Я пошел медленно-медленно, оглядываясь через плечо на Бориса и, споткнувшись обо что-то, шлепнулся на пол. Надзиратели устраивали в коридорах ловушки, клали вблизи камер скатанные валиком длинные толстые половики. Если идущий по коридору арестант пялит глаза на камеру, что нежелательно, он обязательно споткнется в полутьме, а иногда и упадет. Поднимаясь, я снова услышал голос Бориса:
— И Сергей Колбасьев здесь! — А затем разрывающий душу крик:
— Миша, скажи, что я…
Кому и что сказать — осталось неизвестным. Это и сейчас мучает меня. Душу разрывал его последний крик, а я уже бежал по коридору, подгоняемый конвоиром.
Так вот почему Лещенко подсовывал мне фамилии Корнилова и Колбасьева! Хотел захлестнуть нас одной петлей. Раскрыта подпольная контрреволюционная организация писателей! Верное повышение по службе! Не встречусь ли я с моими друзьями в кабинете Лещенко? Он ведь настойчив и энергичен. Что ж, я хотел бы этого. Нам не страшно будет смотреть друг другу в глаза.
Мы не встретились. Моя встреча с Борисом в тюремном коридоре была последней. И Сергея Колбасьева я не увидел…
Я забегу вперед. О трагическом конце Бориса я узнал в Тайшетском лагере, когда с нас было снято запрещение переписки. Родственники мои, знавшие о моей дружбе с Борисом, дружбе многолетней, начавшейся в «Резце», прислали мне фотоснимок с его живописного портрета. До сих пор не знаю, кто из ленинградских художников писал Бориса. Это фото, без каких-либо надписей, но с тоненькой траурной окантовкой, объяснило мне все. Погиб замечательный поэт. Перечитайте его стихи и вы поймете, какого художника мы потеряли. Он реабилитирован посмертно. Чуткая наша молодежь достойно почтила память погибшего поэта. Учащиеся средней школы города Семенова Горьковской области, где Борис провел детские годы, просили переименовать одну из городских улиц в улицу Бориса Корнилова. Их просьба исполнена.

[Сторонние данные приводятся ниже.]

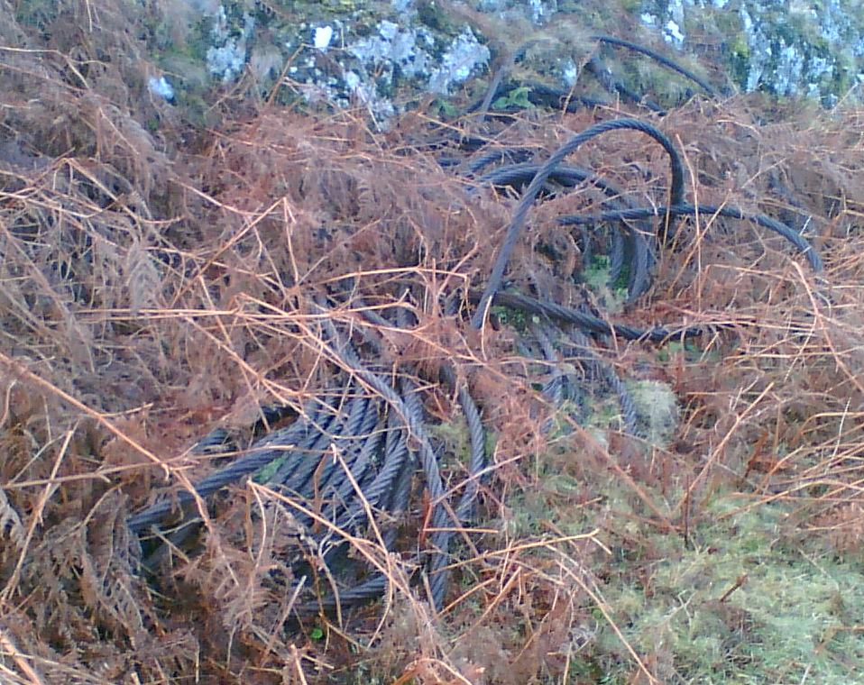 Photo of remains of Dolgarrog incline cables.

Поэт-жизнелюб, он так писал о смерти:
И это продолжение жизни есть, оно в стихах Бориса Корнилова.
О безвременной кончине Сергея Колбасьева я узнал еще позднее и при очень странных обстоятельствах. Выше я уже писал о реабилитировавшем меня постановлении военного трибунала. Постановление это было напечатано на машинке, помнится, на четырех листах. Дочитав до последней строки, до подписей, я обнаружил, что к моим бумагам подколото еще несколько листов с таким же машинописным шрифтом. Оказалось, что, по небрежности канцеляриста, к моей реабилитации была подколота и реабилитация Сергея Колбасьева, но посмертная. Он был расстрелян по ложному доносу какой-то Паулинь, объявившей его финским шпионом. Позднее, во время пересмотра дела Колбасьева в трибунале, она отказалась от своих показаний. Убила человека и покаялась!

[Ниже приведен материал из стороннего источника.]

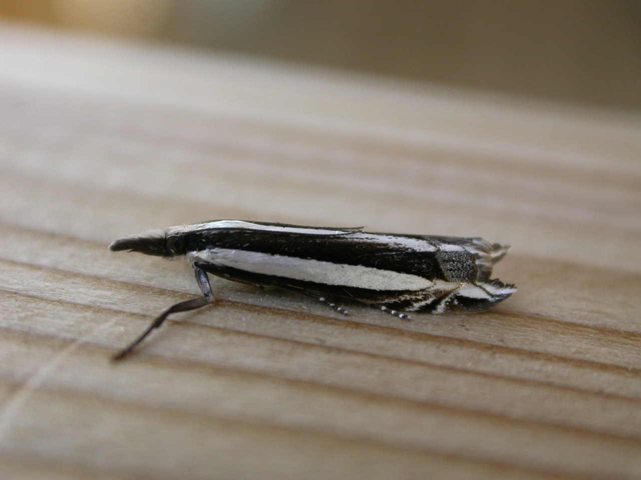 Angustalius malacellus, Gastes, Landes, SW France, 30 June/1 July 2003
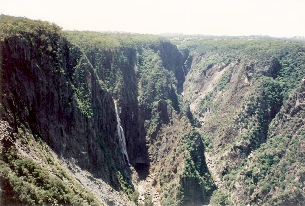 This photograph was taken on the 25 February 1995.
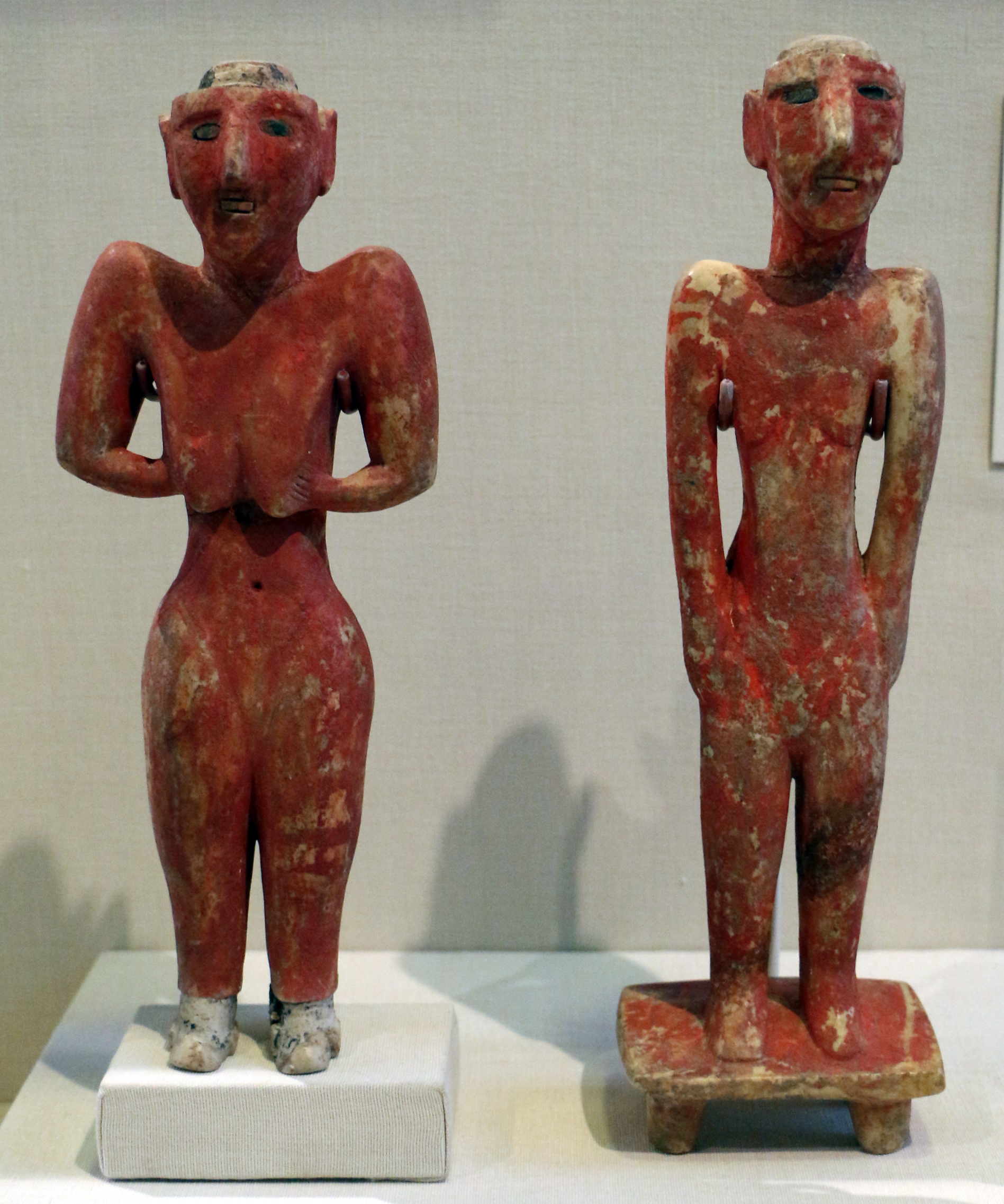 Oriental Institute Museum

Я долго сидел, стиснув голову руками, над канцелярской бумажкой, рассказавшей о бессмысленной смерти честного и талантливого человека. Сидевший напротив меня майор смотрел на меня сочувственно. Он решил, наверное, что я потрясен неожиданной реабилитацией. А я думал о Сергее, о его последних минутах, о его предсмертной тоске и томлении…
Я влюблен в его морские повести и рассказы: «Салажонок», «Арсен Люпен», «Поворот все вдруг», «Правила совместного плавания». В них романтика моря и романтика опасной, тяжелой и красивой морской службы. Он был и поэтом.

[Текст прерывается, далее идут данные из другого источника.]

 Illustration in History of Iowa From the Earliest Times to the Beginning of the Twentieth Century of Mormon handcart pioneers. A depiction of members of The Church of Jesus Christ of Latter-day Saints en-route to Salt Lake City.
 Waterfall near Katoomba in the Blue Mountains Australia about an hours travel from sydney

«Добрый моряк и добрый писатель», — как хорошо сказал о Сергее Адамовиче Н. С. Тихонов, прошел в своей жизни немало минных полей (надо пройти!) и погиб на мине, подброшенной подлой рукой.
Адриана Ивановича Пиотровского я видел в камере в последний раз. О его конце я узнал только в этом году, в Ленинградском отделении Союза писателей. Он реабилитирован, тоже посмертно, в 1957 году. Дружбу мою с этим мужественным, красивым и нежным человеком, завязавшуюся и оборвавшуюся в тюрьме, я считаю счастьем моей жизни. Снят запрет и с его блестящего имени. На днях я с волнением прочитал в журналах, что вскоре выйдут на свет его переводы комедий Аристофана, славного афинянина, приходившего в нашу тюремную камеру, чтобы вдохнуть в нас мужество и веру.
Сотрудники Адриана Ивановича по «Ленфильму» рассказывают, что, когда Адриан Иванович был недоволен кинокартиной, спектаклем, чьим-нибудь романом, он говорил: «Не хватает ветра. Ветра нет!»